On the other hand, EFF’s Femia applauded the Virginia law for defining reproductive and sexual health information “more broadly than I think I've seen it defined pretty much anywhere else.” The consumer privacy advocate said that “recognizes that this encompasses sort of a wide variety of potential pieces of data, transaction information about a person,” which “could be used to piece together someone's private reproductive or sexual health information.”

Beyond Wash. My Health My Data

The opt-in consent the Virginia law requires goes further than Washington state’s MHMDA, as well as most privacy bills and laws, said Femia. The EFF lawyer said that’s a good thing. “Users should control their own data.”

However, Johnson said that will make it difficult for businesses to comply, especially with fewer than three months before the law takes effect. The July 1 compliance deadline doesn’t leave enough time to “meaningfully build out a consent process for consumers to help them understand what’s happening with this information,” she said. Three months might have been more feasible if lawmakers had updated the VCDPA to include reproductive health data as a form of sensitive information, rather than amending the VCPA, she noted.

Unlike MHMDA, the Virginia law’s opt-in consent provision doesn’t provide an exception for collecting data necessary to conclude the consumer’s request or transaction, said Johnson. “So, if I walk up to a retailer and I say I would like to buy tampons,” which is “kind of implied, because they're in my hands and I have my credit card, Washington will let you do that,” she said. But Virginia’s new law “requires my opt-in consent for that retailer to collect that data about me, even if all they're going to do is sell me the tampons and account for it on the books.”

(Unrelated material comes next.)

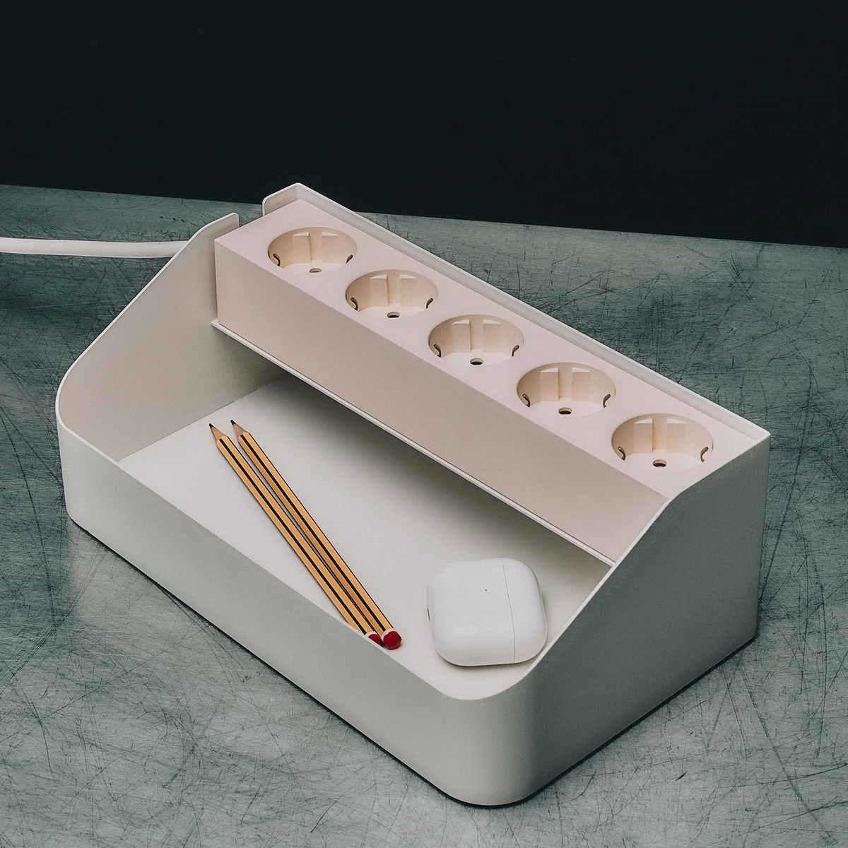 De Power Tray , ontworpen voor Pedestal door ontwerpstudio BIG-GAME, is de slimme aanvulling voor iedereen die zijn stroomvoorziening en werkorganisatie in stijl wil combineren. Deze organizer van robuust staal is speciaal ontwikkeld om te worden gecombineerd met de Power Beam van Pedestal en biedt verschillende aparte vakken voor kabels, voedingen, adapters en ander klein gereedschap dat anders voor chaos zou zorgen.

“It’s extremely hard to get around this consent requirement if you're covered, and it's extremely hard to get the consent” since it requires a consumer to read a message about how the data is used and click okay before they can buy something, both online and at brick-and-mortar stores, said the Wyrick attorney. If the law is taken “literally,” she added, the consumer might have to repeat this opt-in procedure for each new piece of reproductive care data, even if they shopped at the store previously.

As such, businesses could face myriad lawsuits from individuals under the new law. “Time will tell regarding how aggressive the plaintiffs' bar will be" on "the private right of action,” but there’s “certainly the potential to see a new influx of litigation like we see under” the Illinois Biometric Information Privacy Act, said O’Connor.

But Femia praised the legislation for including a private right of action, which “allows individuals to vindicate their rights themselves,” she said. “It is another method of encouraging businesses to actually be careful with people's data privacy, to follow the law and to take actual, genuine due care with private personal identifying information.”

O’Connor said it was “somewhat surprising to see a red state enact a privacy law with strong consumer protections seemingly at the expense of businesses’ user experience.” However, privacy is “a popular issue with consumers and can be bipartisan at a high level,” she said.

Johnson said it shows that “reproductive privacy rights have become an extremely hot topic and [is] largely bipartisan.” In a purple state, a Republican might “feel tested to go along with something that seems like a no-brainer to gain the bipartisan benefit of that.”